Continuous glucose monitors and needles are obviously important for insulin-dependent diabetics, but these individuals have end-stage disease because their insulin-producing part of their pancreas has been destroyed by autoimmunity or bad genetics and bad diet.

To his credit, Zammit Dimech recognises the importance of research and attempts at preventing diabetes type 2. The Debono and Soler debate about prevalence really depends on what criteria are used to establish the disease state of “early diabetes”. 

In conventional medicine this early stage of the disease is termed “prediabetes”.  Many interpret that as “not diabetes yet”, which is essentially a “false negative” diagnosis – that is, a wrong diagnosis, because type 2 diabetes has in fact commenced. This is potentially a controversial area of diabetology because of its profound consequences on diabetes type 2 prevalence assessment.

The authoritative US Centers for Disease Control and Prevention recently claimed that blood sugar levels of more than one in three American adults are too high, including prediabetics in their statement.
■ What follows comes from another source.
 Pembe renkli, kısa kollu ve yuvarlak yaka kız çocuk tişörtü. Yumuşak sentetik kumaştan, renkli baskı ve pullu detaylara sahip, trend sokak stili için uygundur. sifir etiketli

In 2016, the University of California, Los Angeles, claimed that 55 per cent of Californian adults are either prediabetic, diabetic, or have undiagnosed type 2 diabetes.  Prediabetes is not a concept but a real disease state. There is enough published evidence that damage to kidneys, eyes, nerves, blood vessels and increased cancer risk often starts during prediabetes. 
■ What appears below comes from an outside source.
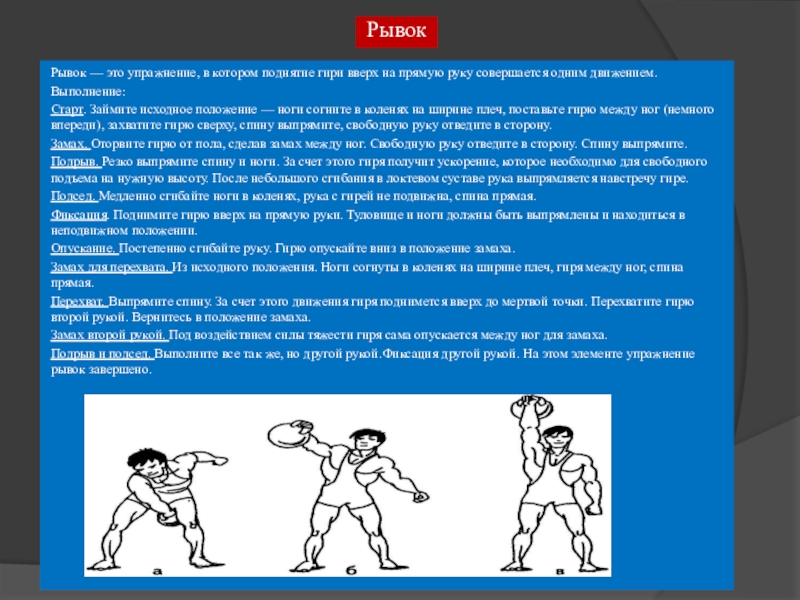 Рывок — это упражнение, в котором поднятие гири вверх на прямую

There currently appears to be a number of important awareness problems. One of them is that a significant section of the global medical community may have failed to recognise the life-shortening impact of prediabetes. Another awareness problem is that the goalposts for safe blood glucose levels have been changing.  Levels considered dangerous now were thought to be safe decades ago. A third problem is that prediabetes and early stage diabetes may be missed by the standard fasting blood glucose test.
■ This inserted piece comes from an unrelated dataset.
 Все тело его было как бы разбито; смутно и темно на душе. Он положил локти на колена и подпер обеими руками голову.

A significant section of the global medical community may have failed to recognise the life-shortening impact of prediabetes

The haemoglobin A1c (HbA1c) blood test provides a better picture of blood sugar control than fasting blood glucose, but is probably underutilised in identifying prediabetes. The safe upper limit for HbA1c is considered 5.5 per cent. A repeated HbA1c between 5.6 and 6.4 per cent diagnoses prediabetes. 

Perhaps the term prediabetes is a misnomer because even modestly elevated glucose levels inflict small blood vessel damage resembling the long-term complications of type 2 diabetes. Excess blood sugar is inflammatory to many tissues, including arteries, which contributes to heart attacks and strokes. High “normal” blood sugar levels are increasingly recognised as posing an increased risk of degenerative disorders, including dementia.

Fasting blood glucose values in the upper “normal” range (above 4.7mmol/L) have recently been claimed to be an important independent predictor of cardiovascular death in nondiabetic apparently healthy middle-aged men.  After-meal glucose levels seem to be an even stronger predictor of disease risk.

About 70 per cent of pre-diabetics are estimated to develop full blown type 2 diabetes in their lifetime.  It is misleading to think that prediabetes means before diabetic damage is inflicted.  Coronary heart disease risk, for example, has been claimed to be similar between prediabetics and type 2 diabetics.

Early detection of prediabetes means a greater likelihood of reversing it before it progresses to established type 2 diabetes. Blood sugar-lowering approaches should therefore be initiated when HbA1c exceeds 5.5 per cent and not delayed till it reaches 6.5 per cent. The serious problem we have in this regard is that HbA1c is quoted as “normal” up to 6.5 per cent in most Maltese laboratories, including the one at the teaching hospital. 

Metformin has been recommended when the HbA1c is between 5.6 and 6.4 per cent to prevent type 2 diabetes from getting fully established, together with advice on calorie restriction (particularly the high glycaemic ones). Metformin enhances the function of the natural insulin secreted by the pancreas and functions via several mechanisms to improve blood sugar control. 

It has proven ability to delay or prevent type 2 diabetes. Yet recent American surveys reveal it is prescribed to only 3.7 to 8.1 per cent of prediabetics. Could the situation in Malta be similar? 

Metformin is a 40-year-old drug, originally of plant origin, and now very cheap.  There are very few medicines nowadays which are so effective and cheap. There is some controversy whether newer very expensive drugs exceed metformin’s performance in early diabetes type 2, but the proponents tend to be paid consultants to the pharmaceutical firms pushing the new expensive drugs. 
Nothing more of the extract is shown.